Using dynamic extensions for the backstepping control of hyperbolic systems
Nicole Gehring, Joachim Deutscher, Abdurrahman Irscheid
TL;DR
The paper addresses boundary control of general heterodirectional hyperbolic PDEs with spatially varying transport velocities by introducing dynamic extensions that homogenize transport delays on the unit interval. It combines a preliminary backstepping transform with a carefully constructed dynamic extension to yield an extended plant in which a static feedback of the extended state can assign arbitrary in-domain couplings and achieve input-output decoupling, while preserving internal stability. The results extend naturally to PDE-ODE systems and are supported by an example that demonstrates complete input-output decoupling in the closed loop. This dynamic-extension framework provides a modular, design-flexible approach that broadens the class of target dynamics accessible with backstepping and offers a path toward parabolic and other distributed-parameter systems applications.
Abstract
This paper systematically introduces dynamic extensions for the boundary control of general heterodirectional hyperbolic PDE systems. These extensions, which are well known in the finite-dimensional setting, constitute the dynamics of state feedback controllers. They make it possible to achieve design goals beyond what can be accomplished by a static state feedback.

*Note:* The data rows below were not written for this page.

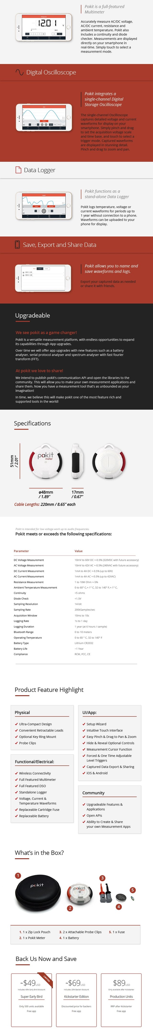 The key to the Pokit's small size is that ite uses the processing power and the display of your mobile device (ingenious), and it drastically reduces the amount of complex circuitry needed for it to function.
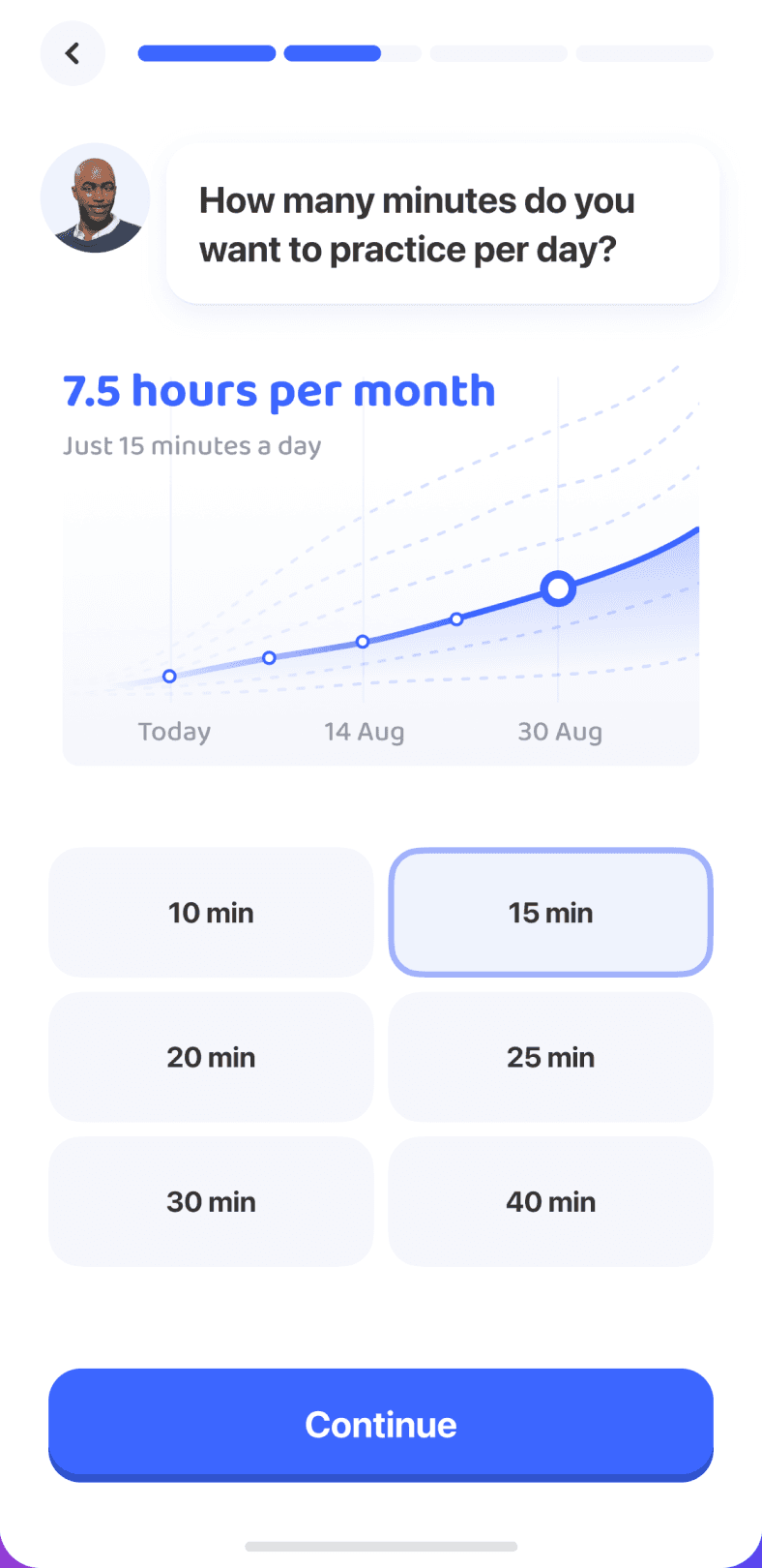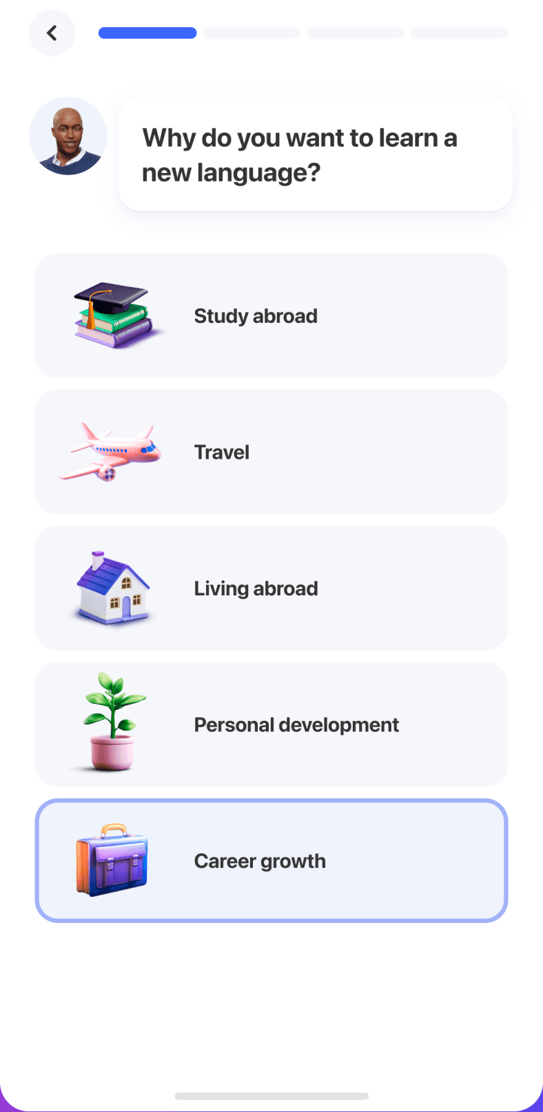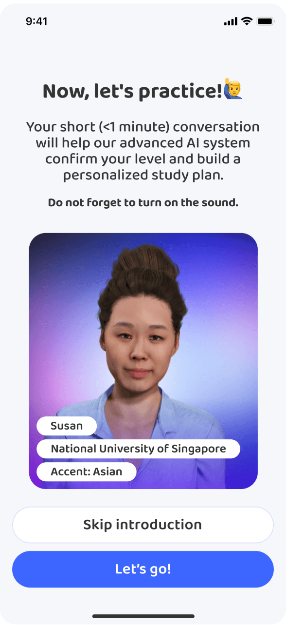 В начало онбординга был добавлен шаг с выбором нативного языка и возможностью переключить интерфейс. Это позволило снизить порог входа для пользователей, которые ещё не владеют английским,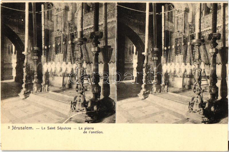 Leírás: Jerusalem, Le Saint Sépulcre, La pierre de l'onction / The Holy Sepulcher, Stone of the Anointing, interior, stereo postcard

The design of dynamic state feedback controllers is divided into first introducing an appropriate dynamic extension and then determining a static feedback of the extended state, which includes the system and controller state, to meet some design objective. In the paper, the dynamic extensions are chosen such that all transport velocities are homogenized on the unit spatial interval. Based on the dynamically extended system, a backstepping transformation allows to easily find a static state feedback that assigns a general dynamics to the closed-loop system, with arbitrary in-domain couplings. This new design flexibility is also used to determine a feedback that achieves complete input-output decoupling in the closed loop with ensured internal stability. It is shown that the modularity of this dynamic feedback design allows for a straightforward transfer of all results to hyperbolic PDE-ODE systems. An example demonstrates the new input-output decoupling approach by dynamic extension.